# WinXP SP3 AC'97 Audio Driver Problem



## Ragner

I got a new pc a few weeks ago and it's working fine except for the sound. Every time I try to install a sound driver it crashes right before installation finishes. I tried installing in safe mode and it installed but it won't boot up, it starts loading windows then reboots endlessly. 

Maybe I have the wrong driver, or something? I downloaded it off the realtek website, the file was WDM_A406.

Everest identifies the device as:
Analog Devices AD1981B(L) @ Intel 82801FB ICH6 - AC'97 Audio Controller [B-1]	PCI

Also, this is the info I got from device manager:
PCI\VEN_8086&DEV_266E&SUBSYS_01791028&REV_03\3&172E68DD&0&F2

Sorry if I don't know what info to post, but if you tell me I can get it. Thanks in advance.


----------



## deanj20

What's the make/model of your computer? Custom-build? Is the sound on-board? Did you install Windows yourself or did it come factory installed or do you have any idea? 

Windows usually detects the soundcard on its own w/out you having to install any drivers... 

How do you know that you don't have any sound?

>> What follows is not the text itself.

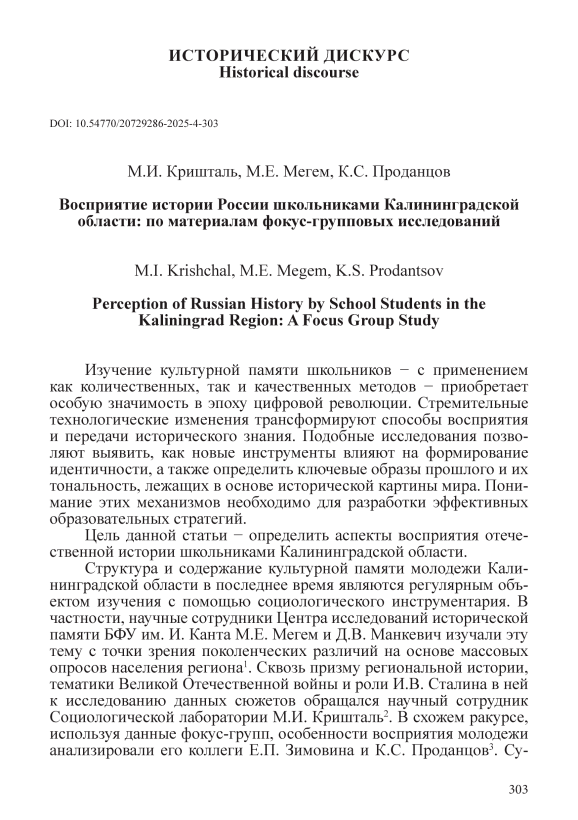 Изучение культурной памяти молодежи приобретает особую актуальность в условиях цифровизации и имеет прикладное значение для разработки образовательных стратегий. В связи с этим целью настоящего исследования является определение аспектов восприятия отечественной истории школьниками Калининградской области. Эмпирической базой исследования стали шесть фокус-групп, проведенных в ноябре 2024 года с участием 48 учащихся 10-х классов общеобразовательных школ региона. Анализ показал, что центральное место в культурной памяти школьников занимает Великая Отечественная война, вызывающая у них амбивалентные эмоции: гордость и радость за победу, но одновременно скорбь по многочисленным потерям. Полет Ю.А. Гагарина и воссоединение Крыма с Россией воспринимаются преимущественно положительно, тогда как распад СССР и Октябрьская революция вызывают смешанные эмоции. В образах исторических периодов также порой наблюдается поляризация. С одной стороны, Российская империя ассоциируется с выдающимися монархами и военным могуществом, с другой – ее аграрным характером, что свидетельствует об отставании. Советский период вызывает одновременно признание военных и экономических достижений и критику репрессивного характера политической системы. В свою очередь, современная Россия связывается с личностью В.В. Путина, его длительным правлением и вкладом в развитие страны. Проведенный анализ иерархии исторических деятелей выявил доминирование государственных правителей (таких как Петр I, В.И. Ленин, И.В. Сталин) над представителями культуры и науки (А.С. Пушкиным, Ю. А. Гагариным). Данная тенденция обусловлена тем, что в сознании учащихся при оценке значимости личности приоритет отдается таким характеристикам, как создание сильного государства, расширений территорий и укрепление международных позиций страны. Основными источниками знаний об истории школьники называют интернет-ресурсы и учебники, но в качестве предпочтительных выделяют визуальные и интерактивные форматы: музеи, экскурсии, художественные фильмы.

Have you checked the volume in Start-->Control Panel-->Sounds and Audio Devices? Could be that it's muted?  Or possibly your speakers or bad - have you tried headphones in the audio out?


----------



## Ragner

deanj20 said:


> What's the make/model of your computer? Custom-build? Is the sound on-board? Did you install Windows yourself or did it come factory installed or do you have any idea?
> 
> Windows usually detects the soundcard on its own w/out you having to install any drivers...
> 
> How do you know that you don't have any sound? Have you checked the volume in Start-->Control Panel-->Sounds and Audio Devices? Could be that it's muted?  Or possibly your speakers or bad - have you tried headphones in the audio out?



I think the computer is custom built, no clue, I got it used.

I try to get the volume control to open and it says: "There are no active mixer devices available." I've tried headphones that I know are working fine with other things and I've tried them in both out audio ports. 

I just had to reformat the hard drive because of read errors and fully reinstalled windows. It knows the device is there but it has a yellow exclamation point next to it. In properties it says it's not configured correctly and to reinstall the drivers.


----------



## deanj20

Hrmmm...

Tried this one? : http://download.cnet.com/3001-2110_4-129998.html?spi=f168170ddf4da185135923479f016969


----------



## Ragner

Just did, it did the same thing; crashed at the end of installation, rebooted and said the system has recovered from a critical error.

Maybe something wrong with the sound card? Would that make it do that?


----------



## deanj20

Well, it says it's a PCI card in your post - is it? Does it not have on-board audio? If so, pull that PCI audio card out and use the on-board. See what happens there... It's been a while since I've seen a 'puter w/ no on-board audio... You have no idea what the make and model is?


----------



## johnb35

Looks like you got a via sound driver according to your device id.

If we had the model number of computer you have or model number of the motherboard we can know for sure what you need,  But try this download, it should work.

http://www.softwarepatch.com/utilities/viaac97-security-dl.html


----------



## Ragner

Thank you very, very much. The via driver worked, I've been messing with this thing for weeks now, since I got the pc, I had just about given up on it. I can program in half a dozen languages but a driver stumps me. Haha

Thanks.


----------



## johnb35

You are very, very welcome.


----------